3. Results and Discussion

The hardware components used for the training process consist of an Intel Xeon Gold 6140 2.3GHz CPU, 128GB RAM, and two Nvidia Tesla V100 SXM2 32GB graphics cards. Furthermore, Nvidia CUDA Toolkit 11.0 and cuDNN v8.0.3 are adopted to enable the high-performance computing capability of the GPU. Tensorflow and Keras, two widely used open-source software libraries for deep learning, are chosen in this work for network construction and subsequent learning tasks. The datasets are captured by an RVBUST RVC-X mini 3D camera that allows the capturing of the required fringe-pattern images and the use of user-defined functions to determine 3D shapes.

For reliable and efficient performance, both the model parameters and the hyperparameters that control the learning process are optimized during training. The network is trained through 300 epochs with a mini-batch size of 2. Adam optimization [45] with a step decay schedule is implemented to gradually reduce the initial learning rate (0.0001) after the first 150 epochs. A data augmentation scheme (e.g., whitening) is implemented to overcome the modulation overfitting problem. A few Keras built-in functions such as ModelCheckpoint and LambdaCallback are applied to monitor the training performance and save the model parameters that yield the best results.

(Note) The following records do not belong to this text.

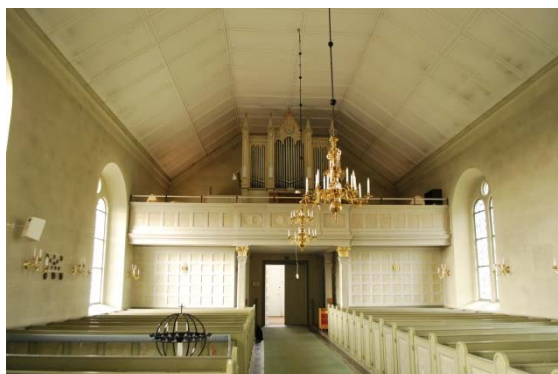
Långhuset mot orgelläktaren i väster.

Ett korskrank med två dörrar avdelar sakristian från koret. Skranket, målat i mörk träimitation, har profilerade speglar och i ovkant en fris med fyrpass inskrivna i en cirkel. Överst finns ett krön av en utsågad uppochnedvänd rundbåge med spetsar av liljor och trepasskors. Sakristian har golv av omålade brädor, tak och väggar är lika långhus och kor. En dörr leder ut till kyrkogården.
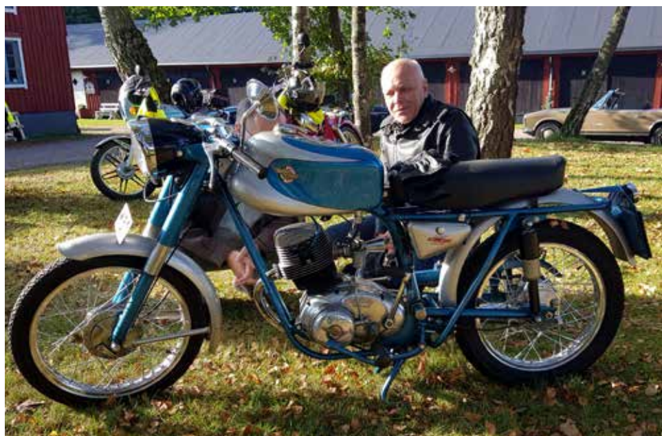
Ducati 85 Sport Special 1960, en riktig raritet på de svenska vägarna
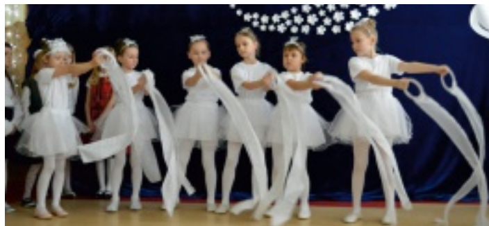
Dzieci ze Strawczyna przygotowały bogaty program artystyczny.

„Niech nam żyją wszystkie Babcie i Dziadkowie też...” to hasło, które przyświecało uroczystej akademii przygotowa-
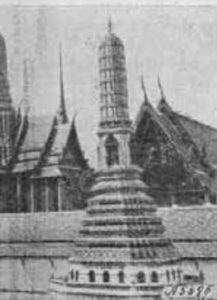
Città delle pagode

Questo suo desiderio è ormai realtà. Riservo ad una prossima relazione le notizie del lavoro che compiamo nel nuovo campo; per ora mi limito a qualche cenno dell'ambiente che in questi giorni è sotto l'influsso quasi d'un senso di rinnovamento per la recente disposizione che ha mutato il nome del Paese da Siam in Thai .
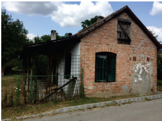
Az egykori pálinkafőző lerobbant épülete

Az adóemelések és az otthoni (házi) pálinkafőzések elterjedése miatt már nem volt rentábilis a pálinkafőzde működtetése Bükkösdön. A létesítményt a Bükkösi Önkormányzat nem tudta tovább üzemeltetni. Ezért a képviselőtestület döntött a létesítmény felújításáról és új funkcióval történő ellátásáról.
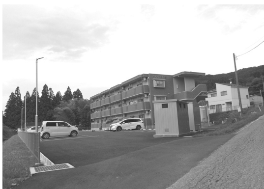
相川団地周辺に建設されたアパート
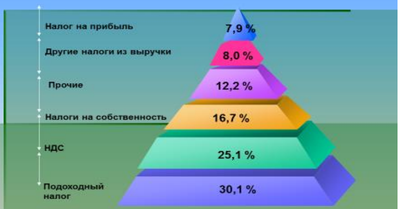
Структура налоговых доходов за 2017 год

Основными налоговыми источниками, сформировавшими доходную часть городского бюджета, являются: подоходный налог, налог на добавленную стоимость, налоги на собственность, НДС, налог на прибыль и проч.
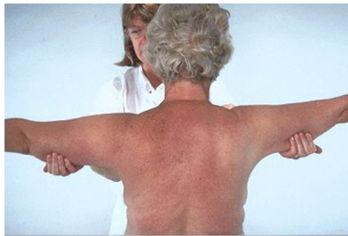
Figur 5 Palpation av konsistensökning i vävnaden

Vävnadskonsistens: Genom palpation av hudveck bilateralt på kroppen kan man jämföra tjockleken på friska och ödematösa sidan (Figur 5).
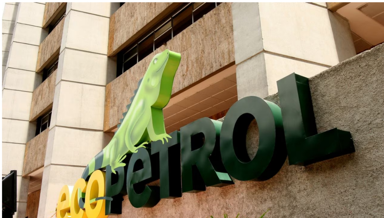
La participación de Ecopetrol es del 50 % y Shell es el operador del 50% restante.

Este jueves 19 de octubre, Ecopetrol confirmó el descubrimiento de nueva reserva de gas natural en el pozo exploratorio costa afuera Glaucus-1, el cual fue perforado en aguas profundas del Caribe colombiano, a 75 kilómetros de la costa y a más de 130 kilómetros del municipio de Coveñas, con una columna de agua de aproximadamente 2.340 metros.
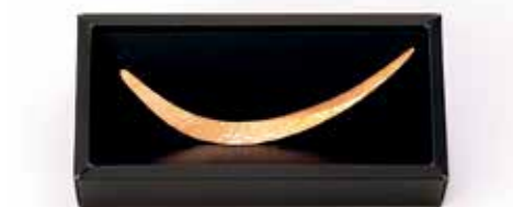
銅製ペーパーナイフ
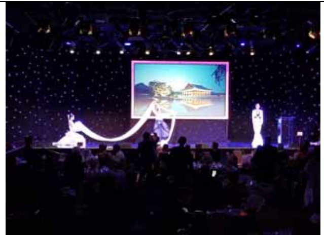
평창동계올림픽 성공적 기원을 위한 특별공연
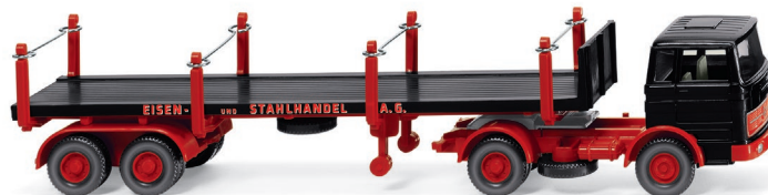
0518 45 Rungensattelzug (MB 1620) UVP 19,99 €
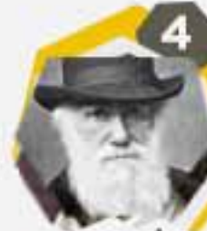
4 تشارلز داروين شاعر وكاتب مسرحي

After the training is completed, the test datasets are fed into the trained CNN model to obtain the output fringe images. These images are then analyzed following Equations (3)–(5) to reconstruct the depth map and subsequent 3D shapes. Table 2 summarizes a few quantitative statistical metrics from the test dataset as well as the validation dataset. The metrics include root-mean-square error (RMSE), mean error, median error, trimean error, mean of the best 25%, and mean of the worst 25%. Because using an end-to-end neural network to directly transform a single-shot fringe or speckle image into its corresponding 3D shape or depth map has most recently gained a great deal of interest [46,47], a comparison with such a fringe-to-depth network and a speckle-to-depth network is conducted. Moreover, a fringe-to-ND network [32,34,43,48] is carried out for comparison as well since it is an approach falling between the fringe-to-depth and the proposed fringe-to-fringe network. The comparative work uses the same system configuration as well as network architecture shown in Figure 1. For the fringe-to-depth network, the difference from the proposed fringe-to-fringe one is that the channel depth of the last convolution layer is changed from 12 to 1 to accommodate the depth map requirement (i.e.,

c = 1

). For the speckle-to-depth network, the channel depth of the input is one instead of three since the speckle image is grayscale. For the fringe-to-ND network, the channel depth of the output is six because there are three numerator maps and three denominator maps. The results displayed in the table clearly show that the proposed technique works well and outperforms the fringe-to-depth network and the speckle-to-depth network methods. It also performs slightly better than the fringe-to-ND network scheme.

Figure 4 displays the 3D results of the proposed approach with the fringe-to-fringe network and the comparative fringe-to-depth network. In the figure, the first to fifth rows are the plain images, the test inputs, followed by the 3D labels, the 3D shapes obtained from the fringe-to-fringe network, and the results from the fringe-to-depth network, respectively. For each of the two sample objects, a selected feature region is magnified for better comparison purposes. It is evident that the proposed approach with the fringe-to-fringe network is capable of acquiring 3D results with detailed textures close to the ground-truth labels, whereas the technique with the direct fringe-to-depth network reconstructs the 3D shape of the target with fewer details and larger errors.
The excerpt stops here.